In the short term, coffee gives us a mental boost because one of its key components is caffeine, a stimulant. When we drink coffee, our heart rates increase and more blood reaches our brains. Caffeine has an almost immediately felt effect on our central nervous systems, increasing energy metabolism in our brains, which makes us feel alert and sharp.

The downside

As helpful as coffee may be both for a short-term mental boost and long-term brain health, it can become a trap for some people. For one thing, coffee is decidedly habit-forming, and it’s easy to begin to feel reliant upon it for daily functioning. That may be just fine for some people, while it doesn’t sit right with others.

Our bodies behave according to cyclical rhythms, and it’s common to experience an afternoon slump. Many of us go straight to the coffee pot when that happens, depending on our old friend Joe to help us power through the remainder of the day. When we find that that works, it’s easy to assume that a second or third cup will be even better, and we’re tempted to extend our coffee-drinking on into the evening. But the effects of a cup of coffee can be felt several hours later, which means that your brain is still in a state of stimulation when you’d rather be asleep.
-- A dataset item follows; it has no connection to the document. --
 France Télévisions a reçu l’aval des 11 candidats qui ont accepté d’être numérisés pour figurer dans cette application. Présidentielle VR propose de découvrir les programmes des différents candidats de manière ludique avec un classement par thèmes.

Put in a restless night, wake up groggy in the morning, gulp down lots of coffee to get through your day, sleep poorly again, and now you’ve entered a negative cycle in which coffee has ceased to be a net positive for your cognition.

In the same study referenced above in which people took more steps when they drank coffee, they also slept an average of 36 fewer minutes per night on the days when they drank coffee. Given the importance of sleep not just for mental alertness but for overall health, the exercise benefit may be cancelled out by the sleep deficiency.

Idiosyncratic effects

Despite tendencies toward common patterns, there’s a lot of individual variation when it comes to caffeine and sleep. You’ve probably known people who feel jittery all day after a single cup of mild coffee in the morning and others who can gulp down a mug at 8:00 p.m. and still sleep just fine. Such anecdotal observations are borne out by research that finds caffeine tolerance to be a highly idiosyncratic thing. That’s why it’s difficult to frame recommendations in terms of, “No coffee X amount of hours before bedtime.” But certainly if you’re having trouble sleeping, reducing your caffeine consumption, especially in the afternoon and evening, is a smart place to start.
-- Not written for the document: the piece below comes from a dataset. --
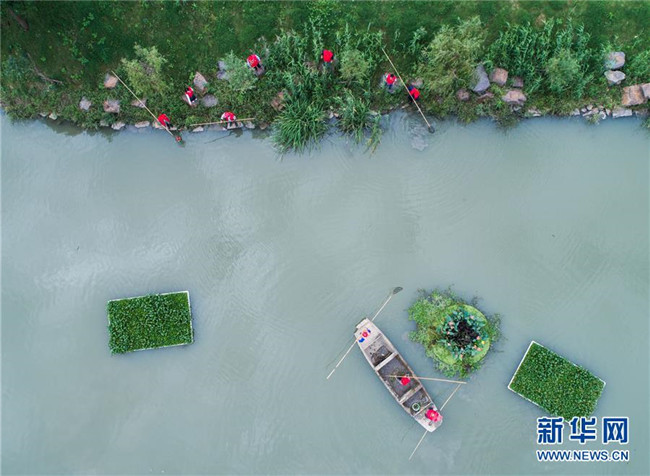 在浙江省長興縣劉家渡河道南太湖段,河長帶領(lǐng)專職保潔人員進(jìn)行日常鄉(xiāng)村河道護(hù)理(2017年10月13日無人機(jī)拍攝)。

Note, too, that although caffeine before bedtime might not keep your brain awake, it stimulates both the bowel and bladder. So you might have to reawaken during the night to use the bathroom, which of course disrupts the restful slumber you need to keep your brain quick and healthy.

Best practices

All told, coffee should be viewed as a net neutral when it comes to cognitive functioning and health. If you enjoy it, there’s no reason to stop, as long as you’re mindful of its effects on your sleep cycles. Just keep these things in mind:

  • Cut the sugar. Learn to enjoy coffee without adding sweeteners, which undo many of coffee’s health benefits.
  • Don’t overdo it. Most research linking coffee consumption to health and cognitive benefits finds one to three daily cups to be the sweet spot.
  • Try other solutions to the afternoon doldrums. To avoid falling into a cycle of coffee dependence, try rehydrating with water, taking a quick walk or doing some deep breathing exercises. Just a few minutes can help you conquer the slump without resorting to caffeine.
  • Learn your limits. Most people can figure out just fine where their afternoon cutoff is for consuming caffeine. Once you’ve established that you won’t be able to sleep if you have coffee after 2:00 p.m., for example, create a hard rule for yourself and stick to it.
  • Make room for decaf. Coffee can be a wonderfully social drink. If you’re invited out for coffee but have already had your daily allotment of caffeine, order a decaffeinated cup. Cutting your coffee with decaf is also a great way to begin to reduce your dependence on caffeine. Just be aware that even decaffeinated coffee contains some caffeine (about 3% the amount contained in regular coffee), so if you’re particularly sensitive to caffeine, you still might disrupt your sleep by consuming it too late in the day.